# Exercise instructions:
All entries must come back exactly as given, with no pictures in the copy.
(Beginning of Data to use)
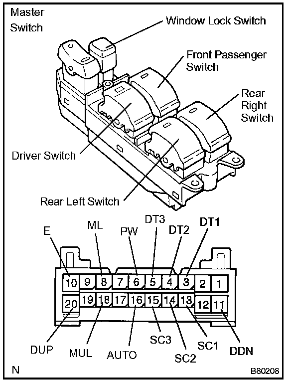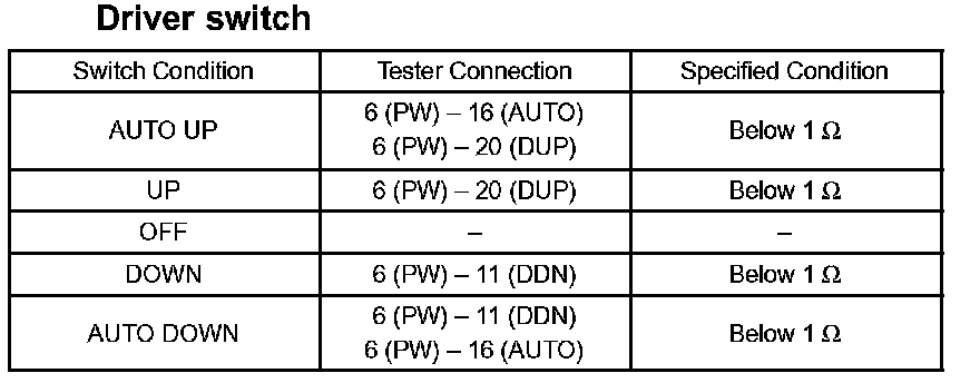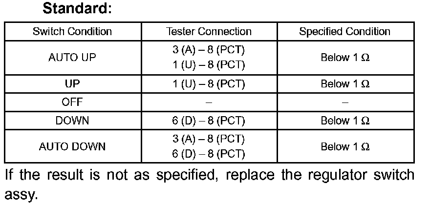 INSPECT POWER WINDOW REGULATOR SWITCH ASSEMBLY
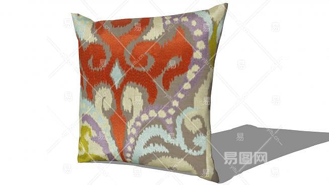 复古印花纯棉抱枕SU模型下载_sketchup草图大师SKP模型
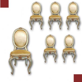 SEI SEDIE LUIGI XV IN LEGNO LACCATO, DIPINTO E DORATO META’ XVIII SECOLO
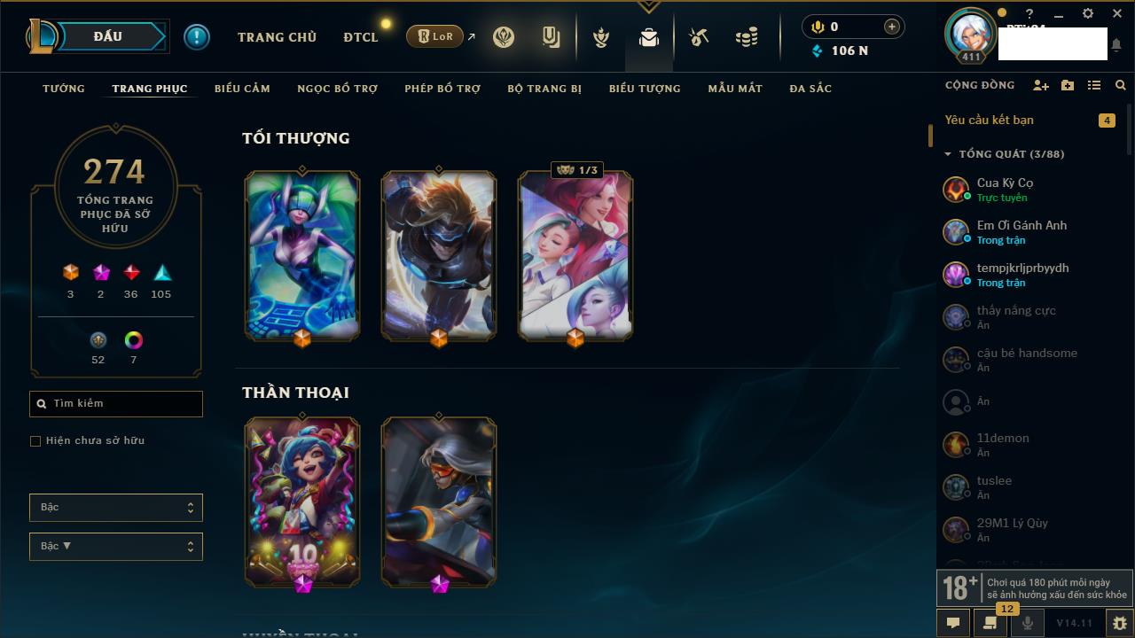Rank Đơn: Vàng IIIKhung: VàngTướng: 171 - Còn 88128 THXTrang Phục: 329Rank ĐTCL: Chưa RankLinh Thú: 41
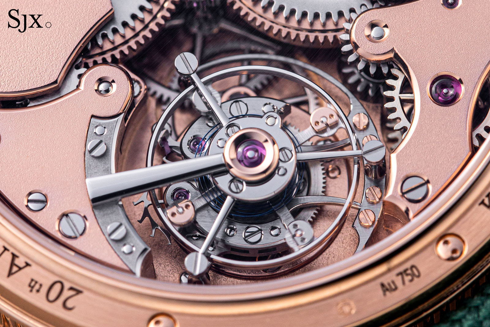 Voutilainen tourbillon movement with a hairspring featuring an inner Grossmann curve.
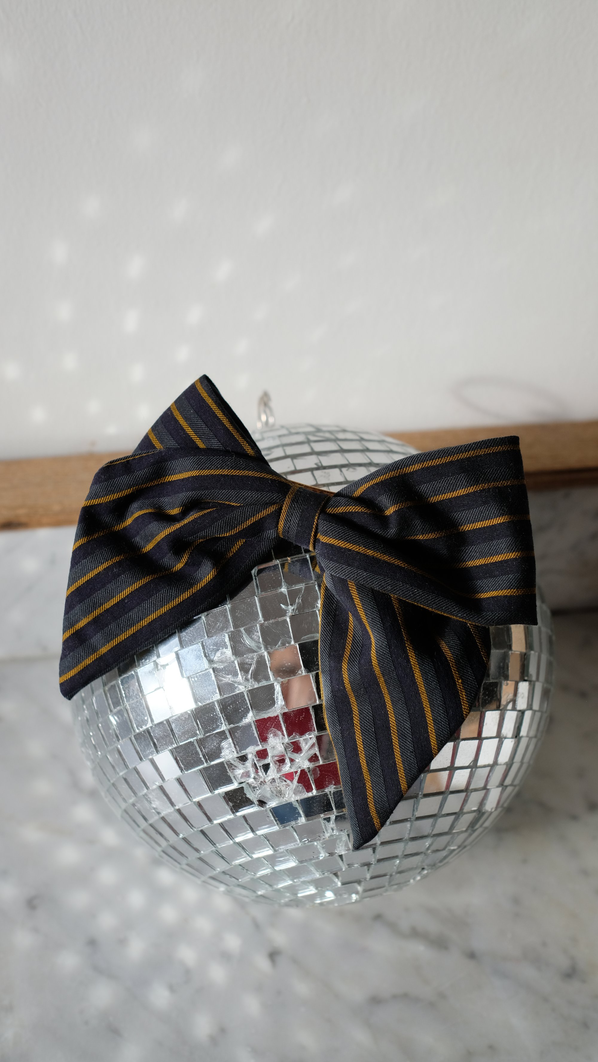 Apportez une touche de chic instantanée à votre coiffure avec notre grosse barrette noeud, montée sur une barrette dorée. Confectionnée avec soin en France, elle allie élégance et qualité pour sublimer toutes vos tenues.
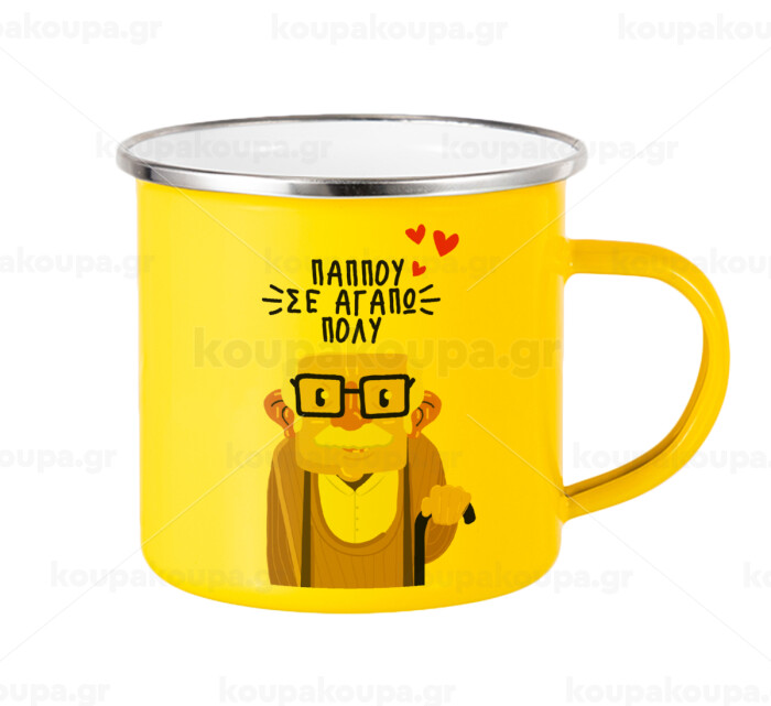 Παππού σε αγαπώ πολύ!, Yellow Enamel Metallic Cup 360ml
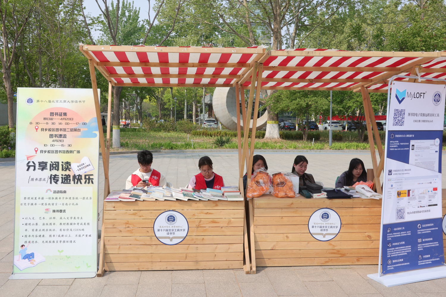 場館外,學校“最美四閱天 典贊筑夢人”第十八屆讀書節正在如火如荼展開。房山區文化活動中心與北京工商大學共同組織了“分享閱讀,交換快樂”第十四屆換書大集,師生可以將手中的舊書帶到活動攤位前“以舊換新”,各種類型的七百余冊經典圖書在手與手的傳遞間,真正實現了校地資源共享,建設書香校園。此外,還有“漂流詩韻”詩詞拼貼活動、為我喜愛的新時代偶像的點贊、“書名我來猜”趣味書名有獎競猜等活動,并為師生們準備了豐富的小禮物,活動現場熱鬧非凡。
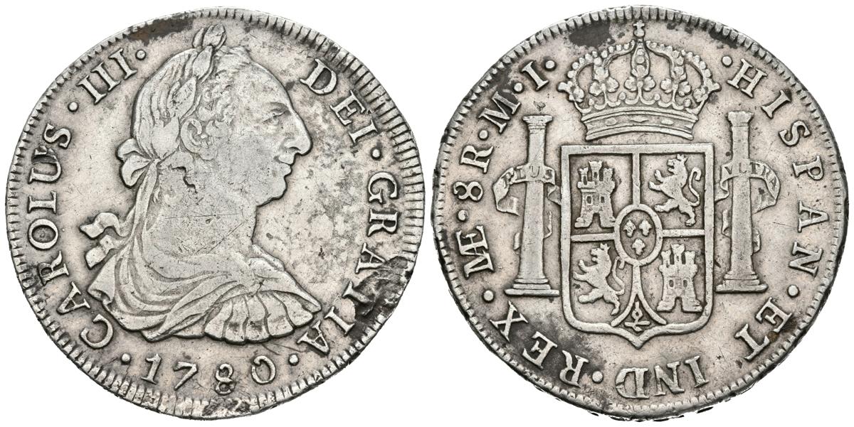 CARLOS III. 8 Reales. 1780. Lima MI. Cal-861. Ar. 26,69g. MBC. Escasa.
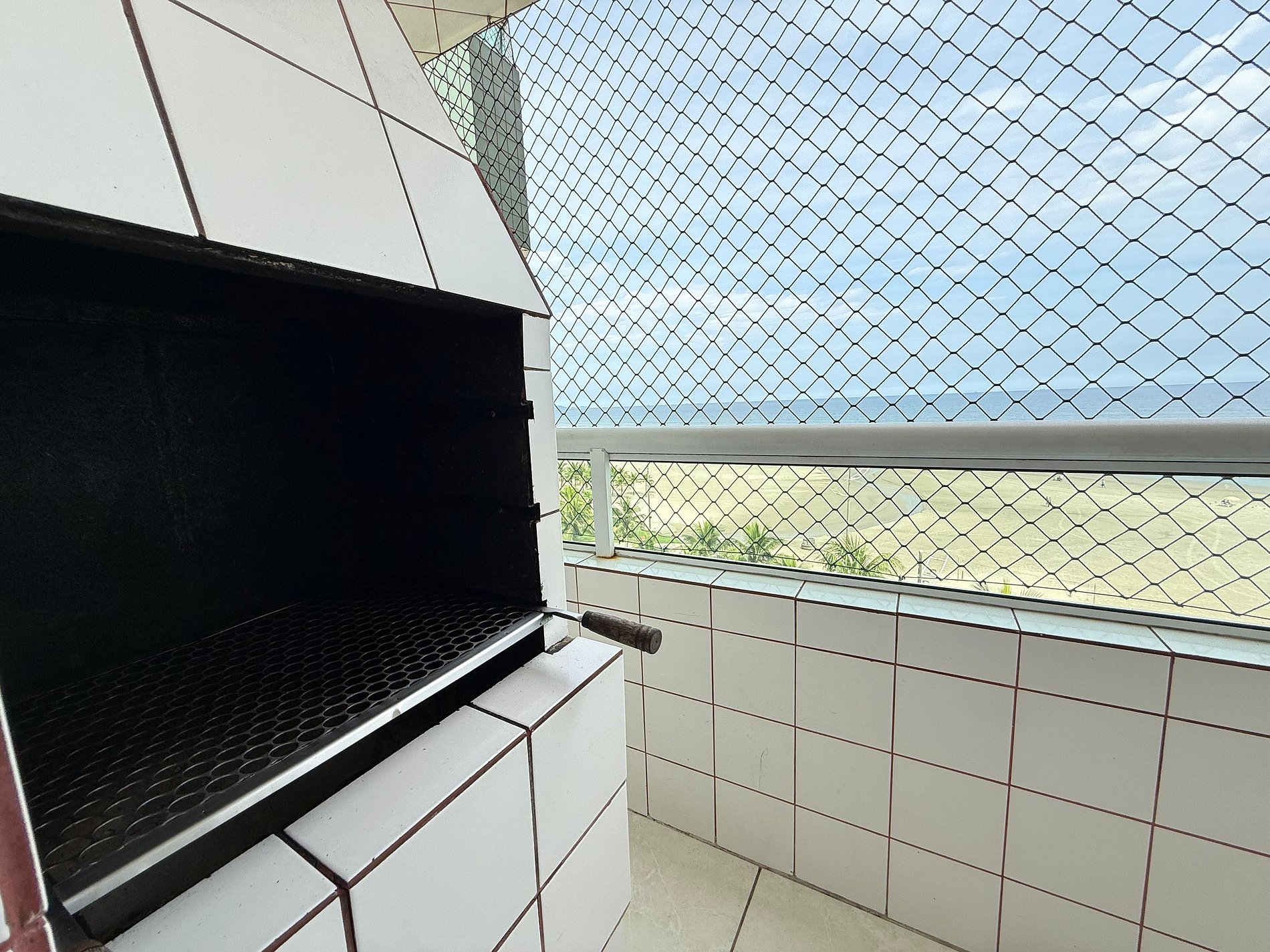 Churrasqueira na varanda com vista para o mar.
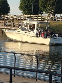My dock is located at the Port Austin village docks (the Port Austin Marina) which is straight north through the four way stop on the northern most end of Port Austin. The parking lot is public and located in front of the Harbor Point condos. The walkway in the middle of this lot will take you to a stairway down to my boat, “Mermaid Alena“.
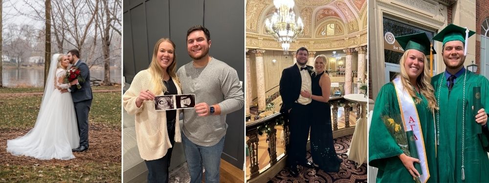 Although they met early in their college years, they didn’t move pass acquaintances until later in college. Two of Joe’s best friends and baseball teammates had a triplet sister who was best friends with Elizabeth through AGD. They ended up at the same hang outs almost every weekend and finally became friends. Joe says he was smitten from the beginning, but their relationship didn’t stat til the end of their junior year in 2018. The couple married in Yorkville, IL in 2022 and are expecting their first child in July! Joe and Elizabeth are grateful for IWU for so many reasons, but especially for meeting each other.
(End of Data to use)
# Answer section:
 INSPECT POWER WINDOW REGULATOR SWITCH ASSEMBLY
 复古印花纯棉抱枕SU模型下载_sketchup草图大师SKP模型
 SEI SEDIE LUIGI XV IN LEGNO LACCATO, DIPINTO E DORATO META’ XVIII SECOLO
Rank Đơn: Vàng IIIKhung: VàngTướng: 171 - Còn 88128 THXTrang Phục: 329Rank ĐTCL: Chưa RankLinh Thú: 41
 Voutilainen tourbillon movement with a hairspring featuring an inner Grossmann curve.
 Apportez une touche de chic instantanée à votre coiffure avec notre grosse barrette noeud, montée sur une barrette dorée. Confectionnée avec soin en France, elle allie élégance et qualité pour sublimer toutes vos tenues.
 Παππού σε αγαπώ πολύ!, Yellow Enamel Metallic Cup 360ml
 場館外,學校“最美四閱天 典贊筑夢人”第十八屆讀書節正在如火如荼展開。房山區文化活動中心與北京工商大學共同組織了“分享閱讀,交換快樂”第十四屆換書大集,師生可以將手中的舊書帶到活動攤位前“以舊換新”,各種類型的七百余冊經典圖書在手與手的傳遞間,真正實現了校地資源共享,建設書香校園。此外,還有“漂流詩韻”詩詞拼貼活動、為我喜愛的新時代偶像的點贊、“書名我來猜”趣味書名有獎競猜等活動,并為師生們準備了豐富的小禮物,活動現場熱鬧非凡。
 CARLOS III. 8 Reales. 1780. Lima MI. Cal-861. Ar. 26,69g. MBC. Escasa.
 Churrasqueira na varanda com vista para o mar.
My dock is located at the Port Austin village docks (the Port Austin Marina) which is straight north through the four way stop on the northern most end of Port Austin. The parking lot is public and located in front of the Harbor Point condos. The walkway in the middle of this lot will take you to a stairway down to my boat, “Mermaid Alena“.
 Although they met early in their college years, they didn’t move pass acquaintances until later in college. Two of Joe’s best friends and baseball teammates had a triplet sister who was best friends with Elizabeth through AGD. They ended up at the same hang outs almost every weekend and finally became friends. Joe says he was smitten from the beginning, but their relationship didn’t stat til the end of their junior year in 2018. The couple married in Yorkville, IL in 2022 and are expecting their first child in July! Joe and Elizabeth are grateful for IWU for so many reasons, but especially for meeting each other.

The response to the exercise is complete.